Single by Paulina Rubio featuring Morat

from the album Sobre El Amor Y Sus Efectos Secundarios and Deseo
- Released: January 27, 2015
- Recorded: 2014
- Genre: Latin pop;
- Length: 4:01
- Label: Universal Spain
- Songwriters: Morat; Mauricio Rengifo;
- Producer: Carlos Paucar • Mauricio Rengifo

Paulina Rubio singles chronology
| "Boys Will Be Boys" (2012) | "Mi Nuevo Vicio" (2015) | "Si Te Vas" (2016) |

Morat singles chronology
|  | "Mi Nuevo Vicio" (2015) | "Cuánto Me Duele" (2015) |

Music video
- "Mi Nuevo Vicio" ft. Morat (Video Oficial) on YouTube

= Mi Nuevo Vicio =

"Mi Nuevo Vicio" (My New Vice) is a song by Mexican singer Paulina Rubio, featuring Morat, a Colombian band. It was released on 27 January 2015 by Universal Music Spain, and was later included on the track list of her eleventh studio album, Deseo (2018). The song was written by Juan Pablo Isaza, Juan Pablo Villamil, Simón Vargas, Alejandro Posada and Mauricio Rengifo, and produced by Sky Adams, Carlos Paucar and Rengifo. Musically, "Mi Nuevo Vicio" is a departure from her usual latin pop sound, and adapts to Colombian rumba with elements of rock pop. Lyrically, this talks about how genuine feelings develop during a love affair.
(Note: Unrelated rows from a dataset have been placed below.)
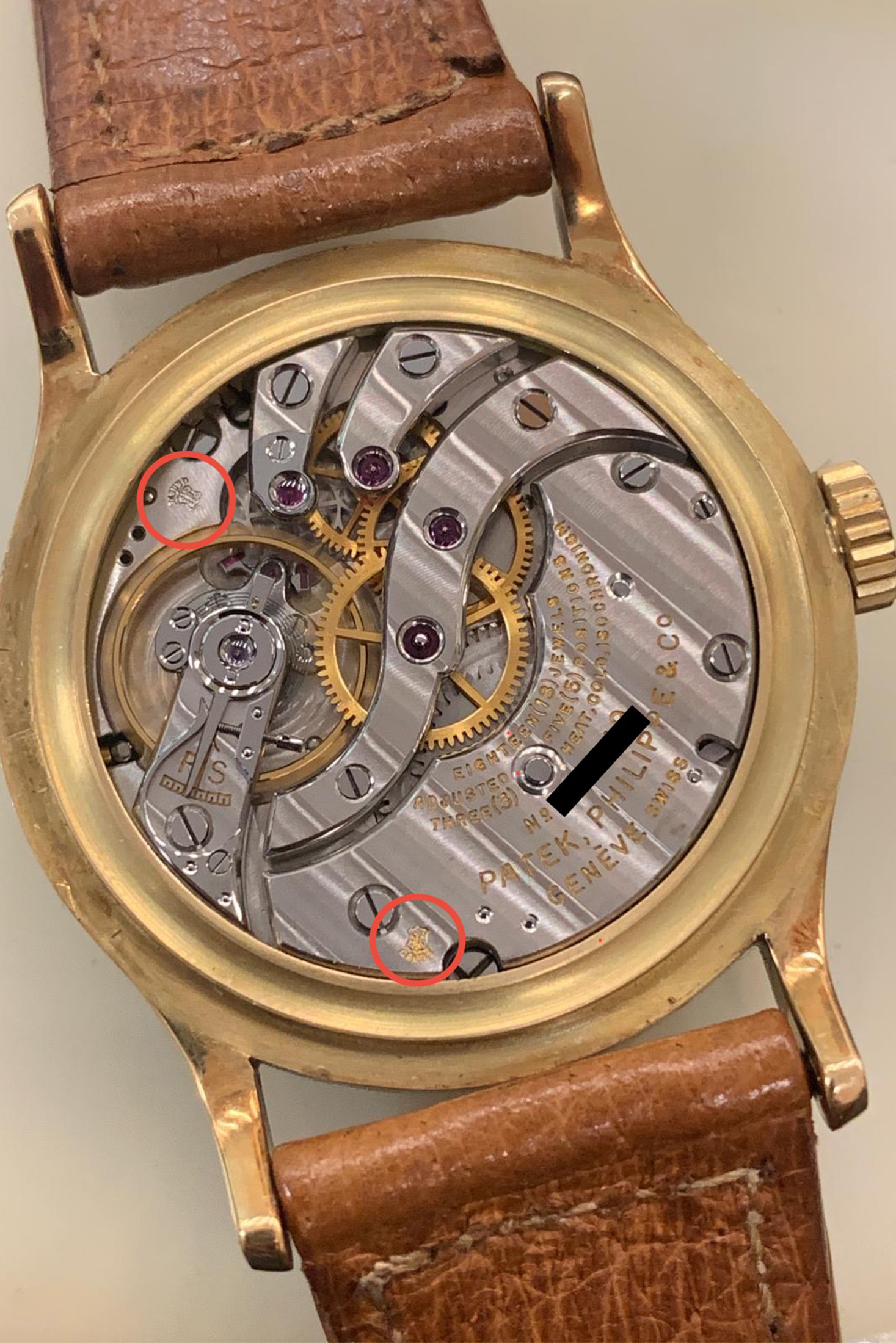 An example of corresponding Roman numeral marks visible on the inner case portion used for original parts matching by a watchmaker. Image courtesy of Christie’s.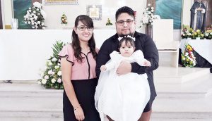 Fue el padre Jesús Alberto Guevara Chapa quien ofició la ceremonia y bendijo a la pequeña en su ingreso a la familia católica.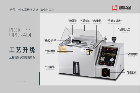 固盛五金對品質(zhì)的執(zhí)著,首先體現(xiàn)在電鍍工藝的階梯式突破中。以核心產(chǎn)品二段力鉸鏈為例,從最初的本色鍍鎳,到進(jìn)階的槍灰色處理,再到如今的鈦金電鍍,每一次升級都指向更嚴(yán)苛的防銹標(biāo)準(zhǔn)。通過三層電鍍防護(hù)技術(shù),其產(chǎn)品中性鹽霧檢測達(dá)標(biāo)120小時以上,酸性鹽霧測試突破24小時,真正實現(xiàn)“防銹堪比不銹鋼”的效果,甚至達(dá)到“鐵可泡水級別”的全新水準(zhǔn)。這種對工藝細(xì)節(jié)的打磨,讓看似普通的鉸鏈擺脫了“易生銹、壽命短”的刻板印象,成為耐用性的代名詞。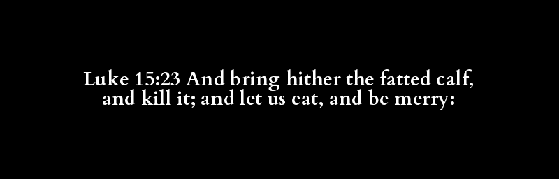 Luke 15:23 And bring hither the fatted calf, and kill it; and let us eat, and be merry: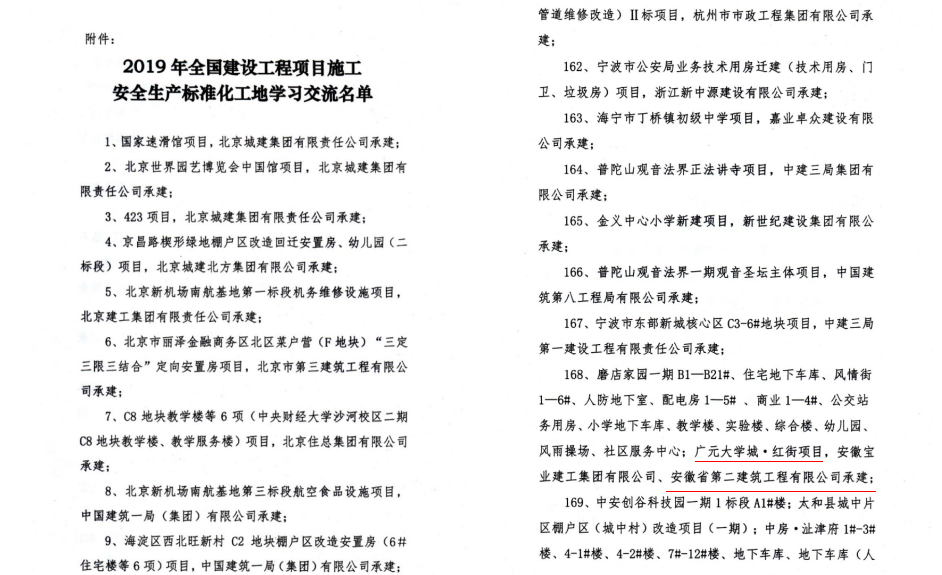 當日下午,分公司收到《關于發布2019年全國建設工程項目施工安全生產標準化工地學習交流名單的通知》,阜陽廣元大學城紅街項目出現在名單上,這是2019年二分公司領導班子以及安全科對項目高度重視、嚴格管理的成果,是項目管理人員對創建工作及分公司各項要求的高效執行力的結果。

"Mi Nuevo Vicio" received critical acclaim from music critics, many whom praised the song's production. Commercially, the track reached number one in Mexico and Spain and the top ten in regions such as Latin America and Dominican Republic. It also appeared on the US Latin Airplay. Additionally, the song was certified double platinum by the Productores de Música de España for sales exceeding 80,000 units, and gold by the Asociación Mexicana de Productores de Fonogramas y Videogramas for 30,000 units.
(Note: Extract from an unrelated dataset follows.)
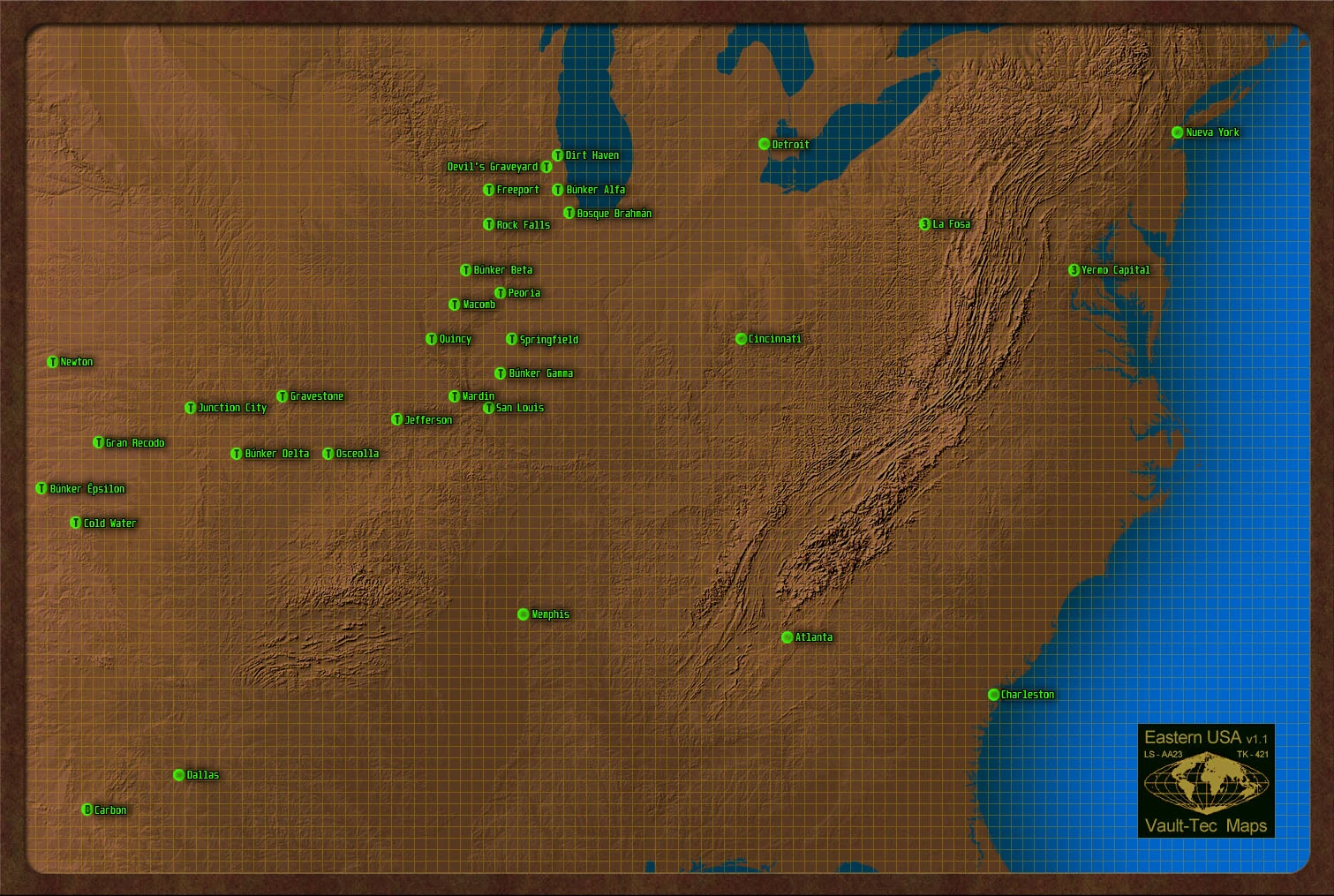 El este, al igual que el resto de los Estados Unidos de la posguerra, es un Yermo sin ley, inhóspito y estéril. La mayor parte consiste en yermos estériles donde sólo los más fuertes pueden ganarse la vida con los desechos irradiados. La Gran Guerra no perdonó al este bajo ningún concepto; sin embargo, algunas áreas fueron menos destruidas que otras, lo que permitió crear pequeñas comunidades, algunas capaces de prosperar. Además, la vida en el yermo, sin importar el lugar, puede vencer al más fuerte de los hombres. No es ningún secreto que los clanes de saqueadores viven en los abrasadores yermos. Estos grupos de personas toman lo que pueden por la fuerza, sin escatimar esfuerzos en su cometido. Es un hecho triste que no muchas organizaciones son capaces de proteger a las numerosas tribus pacíficas y pueblos pequeños, sin embargo, algunos sí se ofrecen a brindar protección y ayuda, como los Rangers de Reilly, que son un feroz pero bondadoso grupo de mercenarios que opera en Washington, DC. Incluso los Reguladores, que han prometido librar a los yermos de todo mal, se los puede ver en algunos yermos. Sin embargo, a medida que la vida continúa en los yermos orientales, una gran facción de caballeros de metal, conocida como la Hermandad del Acero, trata de hacer que la vida sea un poco más fácil en las áreas de Washington D.C.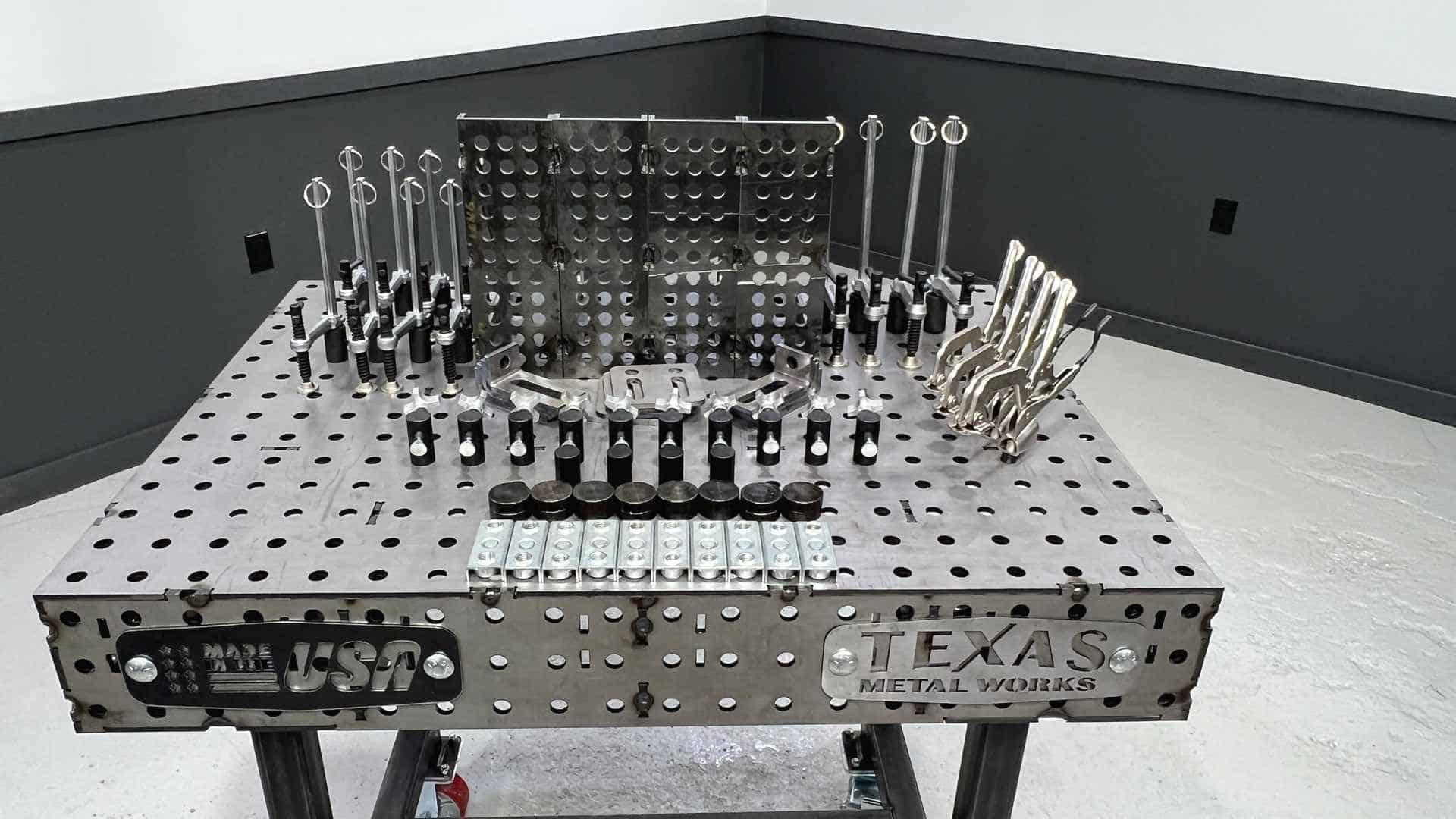 Texas Metal Works offers fully fabricated tables shipped FREE – saving you time, hassle, and money! Our 30″ x 40″ welding tables offer over 11 square feet of surface area, covered by standard laser cut 5/8″ / 16mm fixturing holes.

The music video features Rubio dancing in a club with her love interest and then waking up with him in bed, over and over again. She also sings on a stage with Morat. To promote the single, Rubio performed the song at several gigs and shows including La Noche De Cadena 100, La Voz Spain, the Tu Mundo Awards, Telehit Awards, and on her Deseo tour.

==Music video==
The music video for "Mi Nuevo Vicio" premiered on Rubio's channel on YouTube and VEVO. In the video, she can be seen rocking out with Morat in a packed club, then she routinely finds herself in the bed of a handsome man (played by Brazilian model Andre Costa) every morning afterword.
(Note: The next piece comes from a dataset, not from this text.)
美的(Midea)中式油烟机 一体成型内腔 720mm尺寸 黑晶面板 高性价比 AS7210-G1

A review by Billboard staff described the Rubio's music video role as player "with boys who are younger, but not necessarily better, for her", and compared her to Anne Bancroft in the 1967 film The Graduate, where the American actress plays the role of Mrs. Robinson.

== Track listing ==
- Digital download
1. "Mi Nuevo Vicio" -

== Charts ==

===Weekly charts===

| Chart (2015–2017) | Peak position |
|---|---|
| Dominican Republic Pop (Monitor Latino) | 10 |
| Ecuador (National-Report) | 66 |
| Mexico (Billboard Mexico Airplay) | 22 |
| Mexico (Monitor Latino) | 16 |
| Mexico Pop (Monitor Latino) | 1 |
| Spain (PROMUSICAE) | 2 |
| Spain Digital Song Sales (Billboard) | 1 |
| US Latin Airplay (Billboard) | 42 |
| US Latin Pop Airplay (Billboard) | 12 |
| US Pop (Monitor Latino) | 11 |

===Year-end charts===

| Chart (2015) | Position |
|---|---|
| Dominican Republic Pop (Monitor Latino) | 20 |
| Mexico Pop (Monitor Latino) | 4 |
| Spain (PROMUSICAE) | 12 |
| US Latin Pop Songs (Billboard) | 44 |

| Chart (2016) | Position |
|---|---|
| Dominican Republic Pop (Monitor Latino) | 75 |
| Panama Pop (Monitor Latino) | 67 |

== Certifications ==

| Region | Certification | Certified units/sales |
| Mexico (AMPROFON) | Gold | 30,000^{‡} |
| Spain (Promusicae) | 2× Platinum | 80,000 |
^{‡} Sales+streaming figures based on certification alone.